It opened on November 10, 2025, was initially scheduled to close on December 5, and was later extended to December 19, 2025.

However, at the end of the offer period, subscription levels fell short of the required minimum threshold, rendering the issuance unsuccessful.

What they are saying

Ellah Lakes Plc said its N235 billion public offer has officially closed without meeting the minimum subscription required for share allotment.

As a result, no new shares will be issued, and all funds received from applicants will be refunded in line with the terms of the offer. The company stressed that the outcome of the capital raise does not halt its broader growth strategy.

  • _“The Company appreciates the interest shown by investors during the Offer period and remains committed to maintaining transparent communication with all stakeholders.” _
  • _“We remain d_isciplined in executing the transaction responsibly and securing the appropriate capital structure.”

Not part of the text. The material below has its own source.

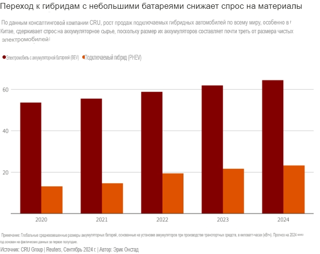 «Возврат на гибридные автомобили с подзарядкой и снижение востребованности электромобилейс аккумуляторными батареями, вероятно, в целом негативно скажется на росте спроса на материалы для аккумуляторов в течение следующих нескольких лет», — сказал Сэм Адхам, руководитель отдела материалов для аккумуляторов в CRU.

The company also confirmed that the proposed acquisition of Agro-Allied Resources & Processing Nigeria Limited (ARPN) remains ongoing and is expected to conclude by the end of the first quarter of 2026, subject to final approvals.

Backstory

Ellah Lakes had, on November 7, 2025, plans to raise up to N235 billion through the equity offering as part of its broader capital restructuring and expansion strategy.

The funds were expected to support growth initiatives and strengthen its agro-processing operations, including plantation expansion and processing capacity upgrades. Despite extending the subscription window by two weeks, investor participation did not reach the minimum level required for allotment.

  • The offer opened on November 10, 2025.
  • It was initially scheduled to close on December 5, 2025.
  • The closing date was later extended to December 19, 2025.

In its official press release titled “Ellah Lakes Plc Announces Close of Public Offer and Outcome,” the company stated that no shares would be issued pursuant to the offer.

More insights

While the capital raise fell through, the company confirmed that its proposed acquisition of Agro-Allied Resources & Processing Nigeria Limited (ARPN) remains ongoing.

Ellah Lakes had earlier signed an agreement on October 3, 2025, to acquire ARPN from ARPN PTE Ltd, Singapore, describing the deal as a strategically important milestone in its long-term transformation agenda.

  • The acquisition is subject to final conditions and regulatory approvals.
  • It is expected to close by the end of the first quarter of 2026.
  • Management says the deal will strengthen operational footprint and improve scale efficiencies.

The company added that the acquisition is expected to enhance long-term value creation and position it for stronger competitiveness within Nigeria’s agro-industrial value chain.

What you should know

Before the offer, Ellah Lakes’ share price gained momentum, climbing from around N11.05 at the start of the offer to about N13.85 as investors initially reacted positively to the capital raise and the planned ARPN acquisition.

However, sentiment appeared to soften after recent financial filings revealed modest revenue gains but widening operating losses, as costs continued to outpace sales.

  • The company reported modest revenue growth in its latest filings.
  • Operating losses widened during the same period.
  • Rising costs continued to pressure profitability and cash flow.

This backdrop of improving market sentiment, but fragile profitability and cash burn, may partly explain why investor appetite ultimately fell short of the minimum subscription threshold required to complete the public offer.